Question

Do fasta files at ftp.ncbi ever change once uploaded?

0

Entering edit mode

7.8 years ago

andrewsanchez ▴ 10

The NCBI FAQ states:

Only FTP files for the "latest" version of an assembly are updated when annotation is updated, new file formats are added or improvements to existing formats are released.

It also states

Any changes to the sequences included in a particular assembly accession result in an increment of the assembly version, which means that an assembly accession.version (e.g. GCF_000001405.28) represents a fixed set of sequences.

This is the point I am confused about: When a file is "updated," i.e. "updated when annotation is updated," is it treated as a "changed," file whose version number will then be incremented? I feel NCBI's wording is ambigous. Is there a difference between a changed vs. updated file?

To clarify: when files are updated, is the version number always incremented? Or are files sometimes updated without incrementing the version number? That is, do any and all changes result in a change of the filename, i.e. incrementing the version number.

I'm wondering if I can detect updated files based solely on the file name due to the version number being incremented.

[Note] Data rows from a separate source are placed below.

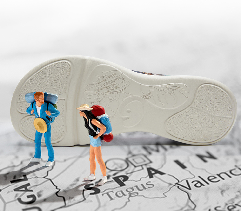 仿腳型鞋型設計 | 流線型緩震EVA中底 | 飛織鞋面 | 鞋側鬆緊帶 | 柔軟、緩震彈性按摩鞋墊 | 奧德薩地形鞋底
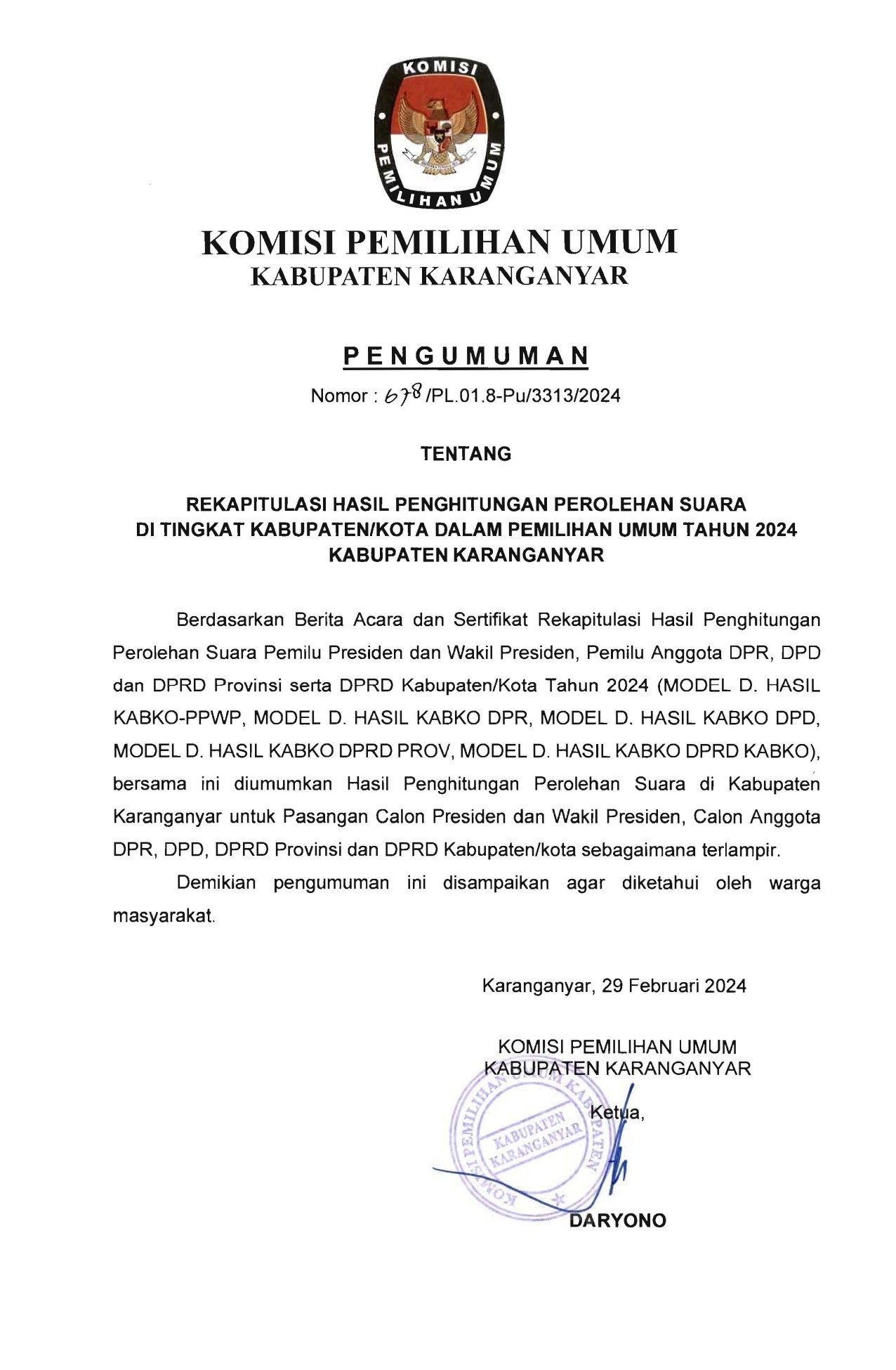 PENGUMUMAN REKAPITULASI HASIL PENGHITUNGAN PEROLEHAN SUARA DI TINGKAT KABUPATEN/ KOTA DALAM PEMILIHAN UMUM TAHUN 2024 KABUPATEN KARANGANYAR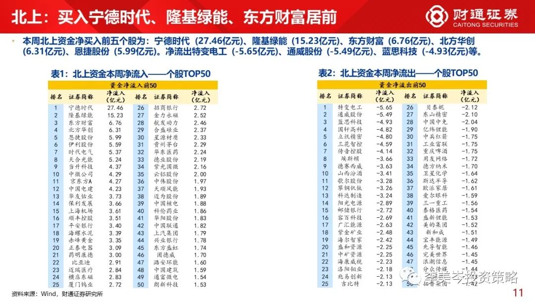 3)个股角度而言,宁德时代 (27.46亿元)、隆基绿能 (15.23亿元)、东方财富(6.76亿元)、北方华创 (6.31亿元)、恩捷股份 (5.99亿元)居前;净流出特变电工 (-5.65亿元)、通威股份 (-5.49亿元)、蓝思科技(-4.93亿元)居前。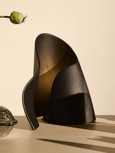 Made in casted recycled aluminium, the Cavern Table Lamp has a decorative, organic shape due to its soft, lively curves. Reminiscent of oyster shells gathered at the beach, the texture and finish of the lamp has a distinctive, rough expression owing to the casting process, and the interplay between its organic shape and raw surface creates a compelling contrast. Diffusing a soft, cosy light, the Cavern Table Lamp is a functional yet sculptural piece that will elevate your home.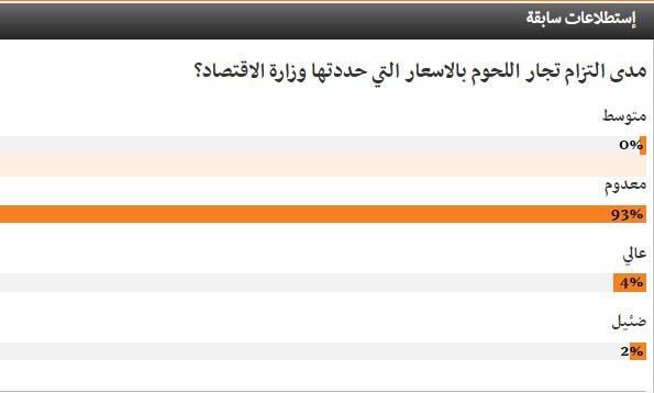 في سؤال طرحته شبكة رايــة الاعلامية على مرتادي موقعها الالكتروني، حول اراءهم في اسباب ارتفاع اسعار السلع التموينية في رمضان؟ وحول مدى التزام تجار اللحوم بالاسعار التي حددتها وزارة الاقتصاد، اجمعت الغالبية العظمى ان لا التزام من قبل التجار باسعار وزارة الاقتصاد.
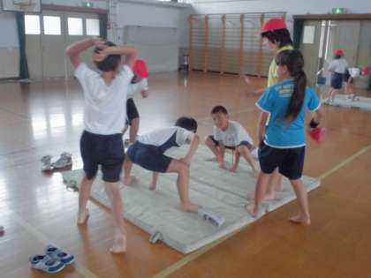 今日の体育は雨がふったので,体育館で相撲をしました。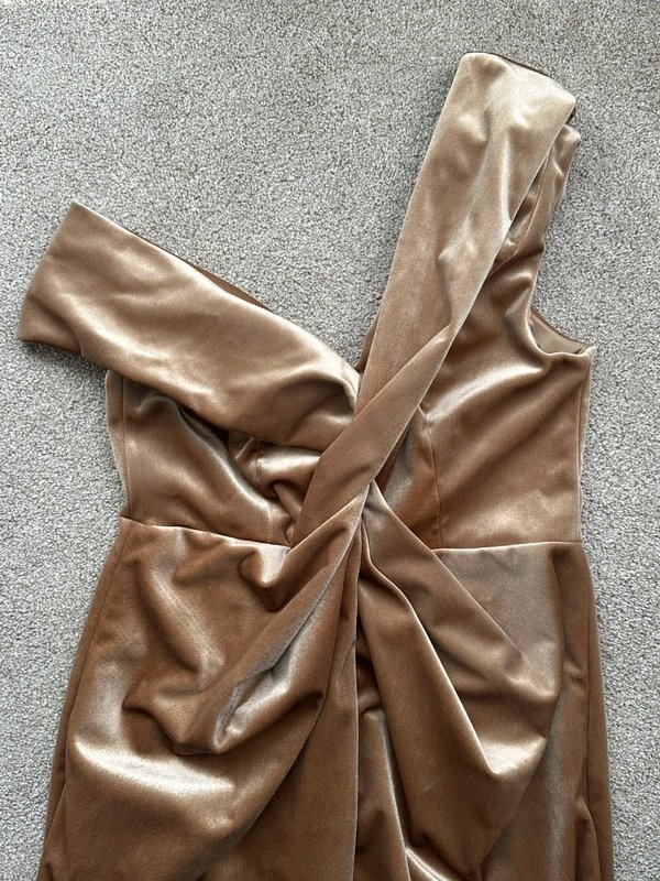The ASOS Gold Velvet Off-One-Shoulder Knee-Length Dress is ideal for evening, party, formal.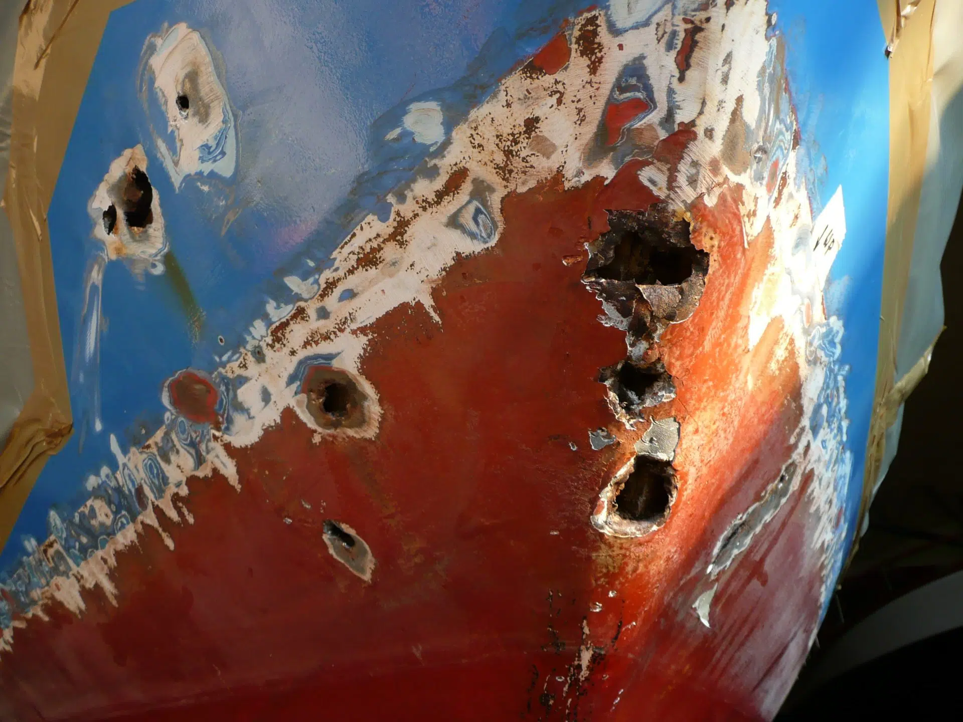Aluminium rostet nicht rot, es oxidiert weiß und bildet oft tiefen Lochfraß (Pitting), besonders unter Edelstahlbeschlägen (Elektrolyse). Das Strahlen legt diese Krater offen. Wir verwenden spezielle Primer-Systeme für Aluminium, um das Metall zu passivieren und isolieren Beschläge bei der Remontage sorgfältig, um erneute galvanische Korrosion zu verhindern.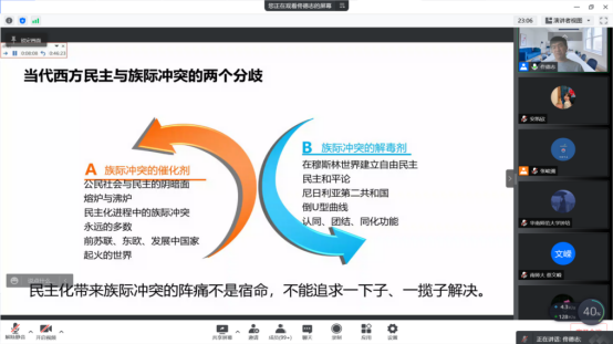 的支持。佟老师对于西方民主与族际冲突丰富而细致的讲解,有助于师生们把握文化间民主、系统性种族歧视等概念,增进对当代西方民主与族际冲突分歧研究现状的了解,进一步提升学术研究能力。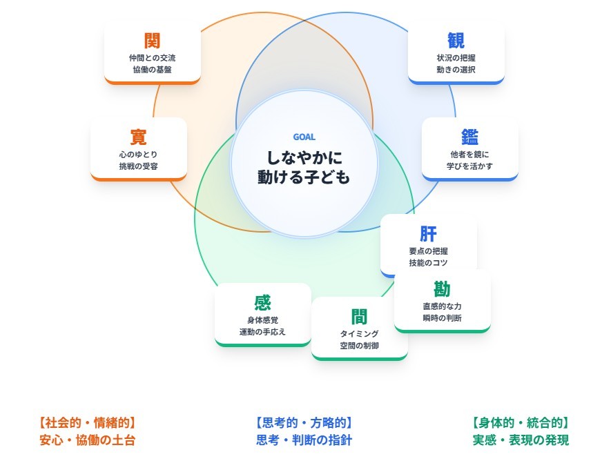 さて、小学校1年生は感覚が未分化で「動くことそのもの」に喜びを感じる時期です。この時期に、「カン」の中でも特に「感(身体感覚)」「間(空間・時間)」「勘(直感)」「関(仲間)」の基礎を耕すことで、運動への主体的な関わりと多面的な資質・能力を育みながらしなやかに動ける子どもの育成を目指します。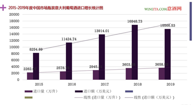 為了方便業(yè)內(nèi)人士更好的理解意大利酒近五年來的成長,意酒網(wǎng)將2015-2019年中國進口瓶裝葡萄酒統(tǒng)計數(shù)據(jù)重新整理,將五年來意大利葡萄酒的進口量、進口額、均價和市場份額進行對比,得出上圖的2015-2019年度瓶裝意大利葡萄酒進口增長統(tǒng)計表。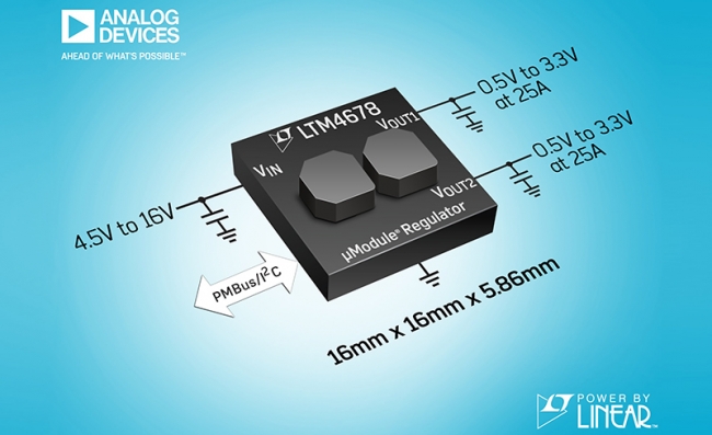 Analog Devices, Inc (ADI) 宣布推出 Power by Linear™ LTM4678,該器件是一款具有 PMBus 數字接口的雙通道 25A 或單通道 50A 降壓型µModule ® 穩壓器。 LTM4678 將兩個(gè)電感器疊置并裸露在 BGA 封裝的頂部以充當散熱器,可幫助散發(fā)封裝內部的熱量,從而使器件保持低溫 。用戶(hù)可利用片內 EEPROM 和 PMBus I2C 測量、改變和記錄主要的電源參數,例如電壓、負載電流、溫度和時(shí)序。5 個(gè) LTM4678 能夠通過(guò)均流 (各分擔 50A) 為處理器、FPGA 和 ASIC 等負載提供高達 250A 的電流。主要應用包括 PCIe 板、通信基礎設施、云計算、光學(xué)以及醫療、工業(yè)和測試與測量設備。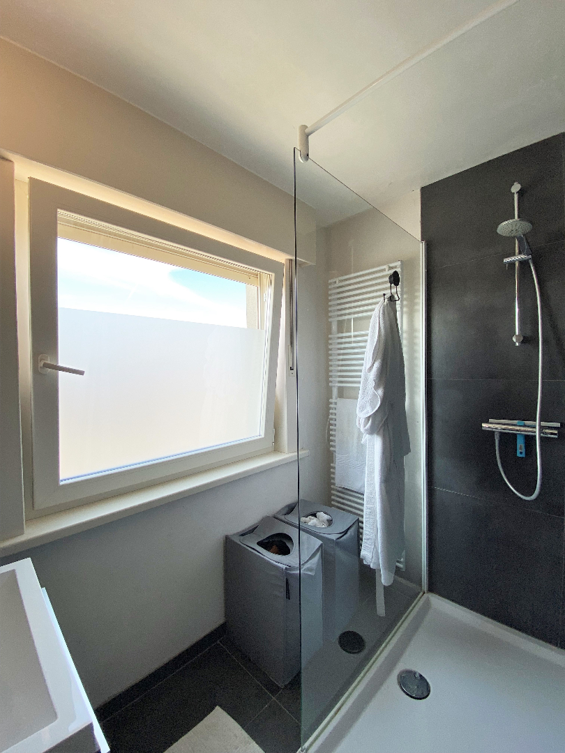 Via een vaste trap komt U terecht op het verdiep. Dit verdiep omvat een nachthall, drie slaapkamers en een volledig vernieuwde badkamer! De slaapkamers zijn geschilderd en voorzien van dubbel glas en laminaat (parket look). De badkamer omvat een lavabo met meubel en een inloopdouche.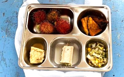 Terlihat, menu MBG siswa SMAN 10 Surabaya pada Senin (10/2) adalah ubi panggang, tahu, fish cake, oseng sayur dan buah rambutan. Tidak tampak nasi dan susu.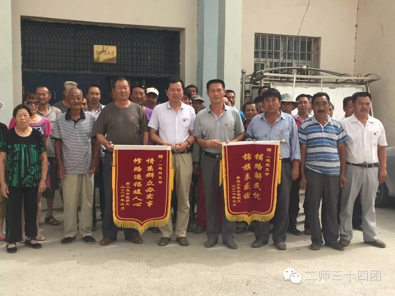 6月30日,34团1连职工群众给该连联合党支部送锦旗表谢意(摄影:黄敏丽)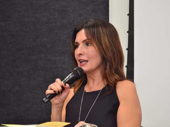 Paula Cesarino Costa, Editora de Diversidade e ombudsman da Folha de S.Paulo de 2016 a 2019, na primeira palestra sobre os desafios do jornalismo brasileiro da 1º Semana de Jornalismo.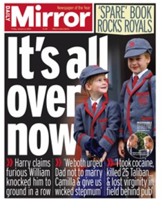 The left-wing Mirror invites us to compare and contrast a photo of a pre-teen schoolboy Harry adorably looking up at older-brother William sidelined with a cropped insert photo showing the now-familiar adult brothers scowling at each other and with the headline ‘It’s all over now.’ There’s no mistaking the no-way-back intention of the pictorial spread.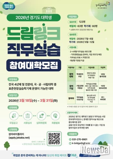 뉴스다 최광묵 기자 | 경기도와 경기도일자리재단이 ‘경기도 대학생 드림링크 직무실습’ 사업에 참여할 15개 협력대학을 31일까지 모집한다.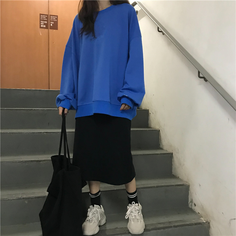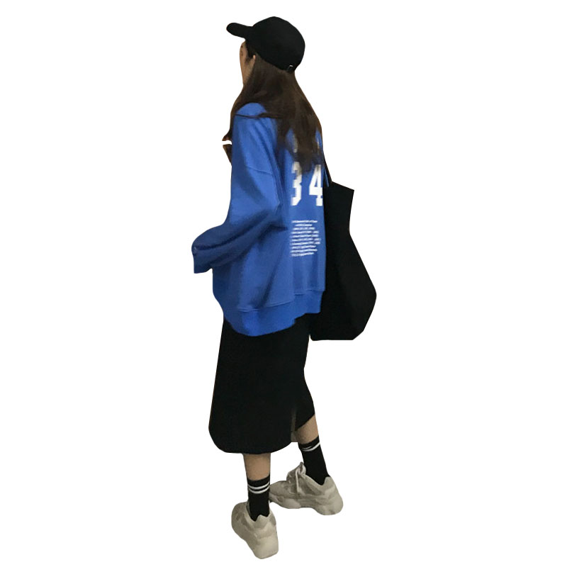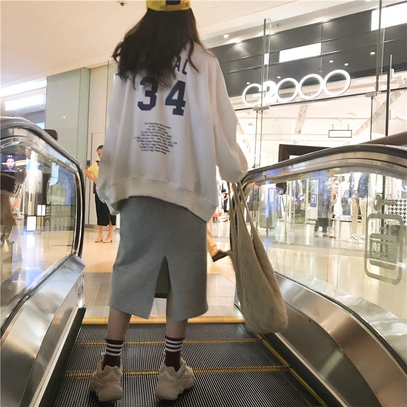 / 韓版時尚休閑套裝秋季中長款長袖衛衣+開叉包臀裙半身裙兩件套女
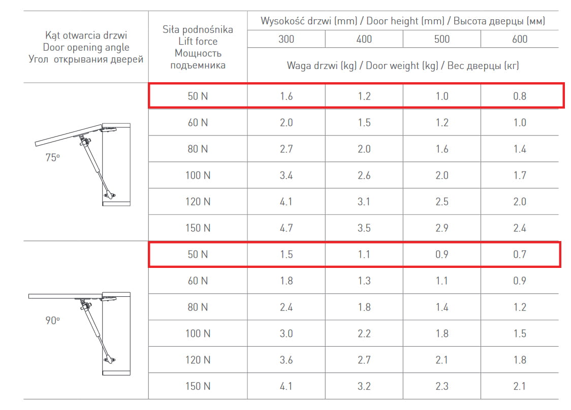 - Siła: 50N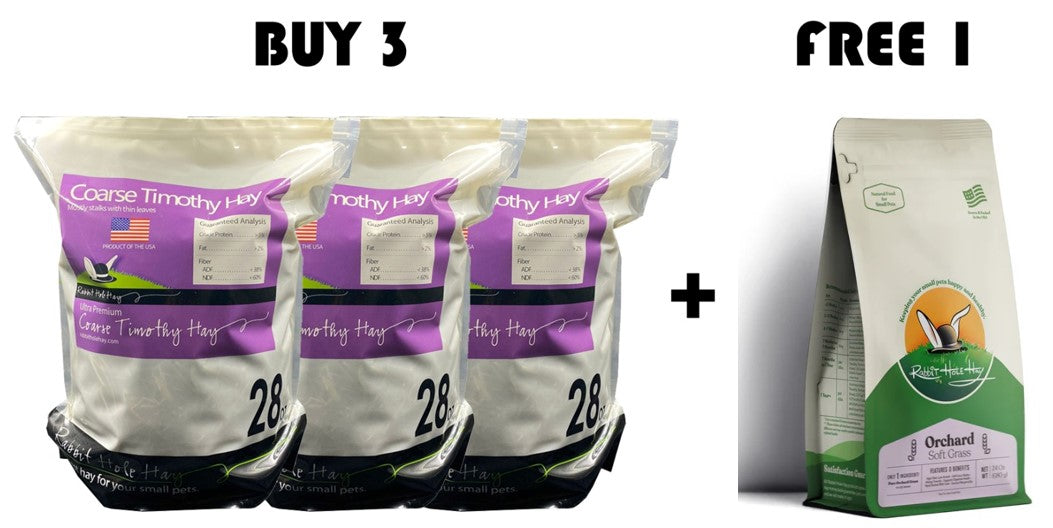 Bundle of Rabbit Hole Hay 1st Cut 28oz x 3 + Rabbit Hole Hay Soft Orchard Grass Hay 24oz x 1 (FOC)

The reason I am wondering: If, files are updated without changing the filename via incrementing the version number, then rsync is the way to go.

If not, then the task is much simpler and quickly accomplished since I would just need to worry about getting newly uploaded files based on their filename with wget.

NCBI FASTA • 1.4k views

ADD COMMENT • link 7.8 years ago by andrewsanchez ▴ 10

1

Entering edit mode

You may want to stick with genomes in RefSeq section which you can find here (bacteria directory) : ftp://ftp.ncbi.nlm.nih.gov/genomes/refseq/

Here is an explanation of how accession number and version numbers are handled by NCBI.

ADD REPLY • link 7.8 years ago by GenoMax 141k

0

Entering edit mode

7.8 years ago

natasha.sernova ★ 4.0k

See my answer inside this post:

where can I get environmental bacteria genome in fasta format (as many as possible)?

See README files for more information - what has been changed etc.

ADD COMMENT • link 7.8 years ago by natasha.sernova ★ 4.0k

score 1 · Accepted Answer · 2016-07-12

The definitive answer seems to be found in the link discussing sequence ID's provided by @genomax2

Note that the gi number doesn't change every time the record is modified. Only changes to the sequence data trigger assignment of a new gi; minor updates are tracked, but don't change the gi or version number. But note that every time the gi changes, the version number is incremented. That is, when any change is made to a sequence, it both receives a new GI number, and the version part of its accession number is incremented by 1.

This suggests that rsync shouldn't be necessary unless one wishes to track every minor update.